### Task requirements
Only an exact repeat of the listing, without its images, counts as the answer.

### Recorded information
::::

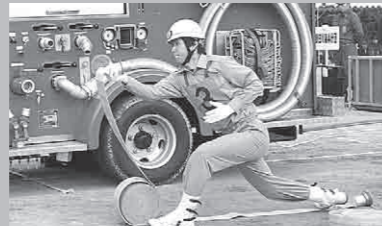
野田川第4分団ポンプ車操法
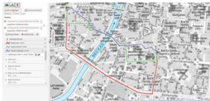
Service für unterwegs: Mit der Routingfunktion wird der schnellste Weg angezeigt.

Auf dem PC kann zusätzlich mit Hilfe des „Erreichbarkeits-Modus“ abgefragt werden, in welcher Zeit oder in welcher Entfernung von einem Ausgangspunkt bestimmte Ziele erreicht werden können. So kann zum Beispiel ermittelt werden, welche Orte vom Hauptbahnhof in fünf, zehn oder 20 Minuten zu Fuß erreichbar sind. Der Nutzer kann darüber hinaus die Hinter-

::::

### Response below
野田川第4分団ポンプ車操法
Service für unterwegs: Mit der Routingfunktion wird der schnellste Weg angezeigt.

Auf dem PC kann zusätzlich mit Hilfe des „Erreichbarkeits-Modus“ abgefragt werden, in welcher Zeit oder in welcher Entfernung von einem Ausgangspunkt bestimmte Ziele erreicht werden können. So kann zum Beispiel ermittelt werden, welche Orte vom Hauptbahnhof in fünf, zehn oder 20 Minuten zu Fuß erreichbar sind. Der Nutzer kann darüber hinaus die Hinter-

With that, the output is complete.